Try it
Your reply should reproduce each line below exactly and carry none of the pictures.

Source data
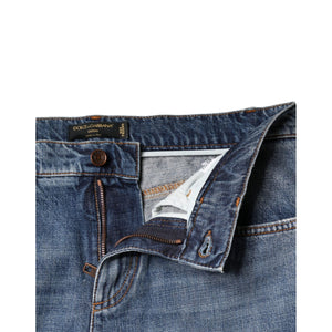 Dolce & Gabbana Blue Cotton Tattered Boyfriend Denim Jeans
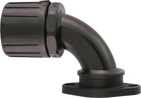 IP68 forskruning med 90° flange tilslutning. Hurtig montage, optimal fastholdelse og modstandsdygtig overfor opløsningsmidler og olier. Halogenfri.
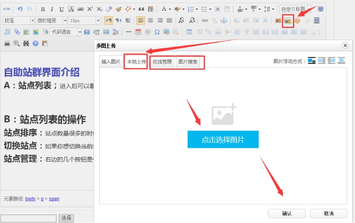 點擊編輯器此處的圖片圖標,可以快速上傳圖片

Answer area
 Dolce & Gabbana Blue Cotton Tattered Boyfriend Denim Jeans
 IP68 forskruning med 90° flange tilslutning. Hurtig montage, optimal fastholdelse og modstandsdygtig overfor opløsningsmidler og olier. Halogenfri.
 點擊編輯器此處的圖片圖標,可以快速上傳圖片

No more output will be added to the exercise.